I have these - http://www.amazon.co.uk/American-Weigh-SC-2KG-Digital-Pocket/dp/B001RF3XJ2/ref=sr_1_2?ie=UTF8&qid=1385981065&sr=8-2&keywords=american+weigh+scales

bombproof and I paid a lot less than they are selling for now - I think coffee hit do/did them for around £26


----------



## Milanski (Oct 10, 2013)

Charliej said:


> ...the scales which I had just been using to weigh the Hamster...










weighing small furry rodents an alternate hobby of yours Charlie?

Actually I can't talk I like to weigh my pug, but he is prone to easy weight gain!


----------



## Milanski (Oct 10, 2013)

View attachment 4592


A respectable 12.12Kg...


----------



## garydyke1 (Mar 9, 2011)

im not even going to try and get one of our hens onto scales


----------



## Neill (Jun 26, 2013)

My German shepherd definitely wouldn't fit on any scales in our house.


----------



## Daren (Jan 16, 2012)

Milanski said:


> A respectable 12.12Kg...


He looks really happy sitting there







.... He needs a Santa hat though

Great picture!
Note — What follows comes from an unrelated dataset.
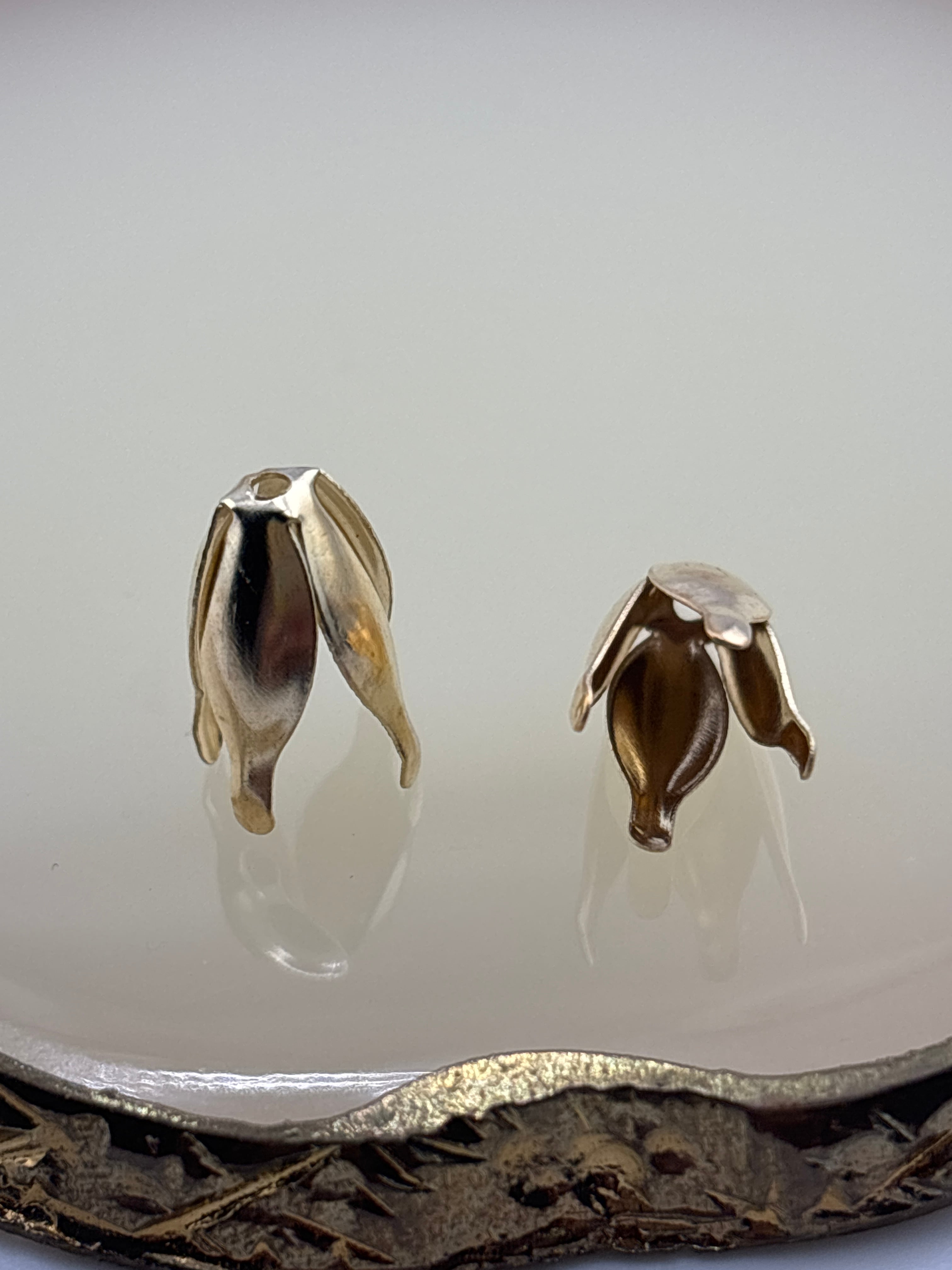 細長いリーフ形状の花座・ビーズキャップです。ビーズやパールにかぶせるように合わせることで、縦ラインが強調され、作品に上品で立体的なアクセントを加えることができます。存在感のあるシルエットで、ハンドメイドアクセサリー制作のポイント使いにも最適なリユース資材です。

I can't show the misses or she'll want one.


----------



## Charliej (Feb 25, 2012)

Milanski said:


> weighing small furry rodents an alternate hobby of yours Charlie?
> 
> Actually I can't talk I like to weigh my pug, but he is prone to easy weight gain!


Not an alternate hobby but when my ex left me a fortnight ago she took our female hamster as she(the hamster) was "hers" and with both of them going he seems to have been fretting and wasn't eating much so best to keep an eye on his weight.


----------



## Daren (Jan 16, 2012)

So she split up the hamster's as well Charlie? That's pretty low!


----------



## jeebsy (May 5, 2013)

Noticed they use ohaus scales in workshop when I was in at the weekend


----------



## Dylan (Dec 5, 2011)

You can get cheap scales that do >2kg at 0.1g accuracy from the importers like focalprice for cheap

http://dynamic.focalprice.com/HT0072W/2KG_01g_Accuracy_Home_Use_Digital_Scale_White.html?Currency=GBP


----------



## Daren (Jan 16, 2012)

jeebsy said:


> Noticed they use ohaus scales in workshop when I was in at the weekend


Wow! Have you seen the price of them!!


----------



## Charliej (Feb 25, 2012)

Daren said:


> So she split up the hamster's as well Charlie? That's pretty low!


Everything about the whole split has been pretty low tbh Daren, the fact that her own flat is right next door to me hasn't made things any easier. The Hamster's are Syrian hamsters so live in separate cages anyway.


----------



## kikapu (Nov 18, 2012)

Daren said:


> Wow! Have you seen the price of them!!


Even though you said that I still didnt think that much!! Think the £6 scales will do me!


----------



## Daren (Jan 16, 2012)

The ones I googled were £140!


----------



## kikapu (Nov 18, 2012)

Yeah those are the bottom of the range ones!


----------



## dwalsh1 (Mar 3, 2010)

I must have mid range ones £190











kikapu said:


> Yeah those are the bottom of the range ones!


----------



## Daren (Jan 16, 2012)

15 grams is 15 grams. I'm more than happy with £6 scales to tell me that. I'll spend the £134 saving on cups n coffee


----------



## jeebsy (May 5, 2013)

http://www.digital-scales-company.com/bench-scales/514-ohaus-navigator-nv-lcd-portable-scale.html

A set of these in the 1.1kg / 0.1g would still be nice though....


----------



## SimonB (Sep 12, 2013)

Daren said:


> 15 grams is 15 grams. I'm more than happy with £6 scales to tell me that. I'll spend the £134 saving on cups n coffee


Unless your scales are only 1g accurate then you could be off by nearly 1g.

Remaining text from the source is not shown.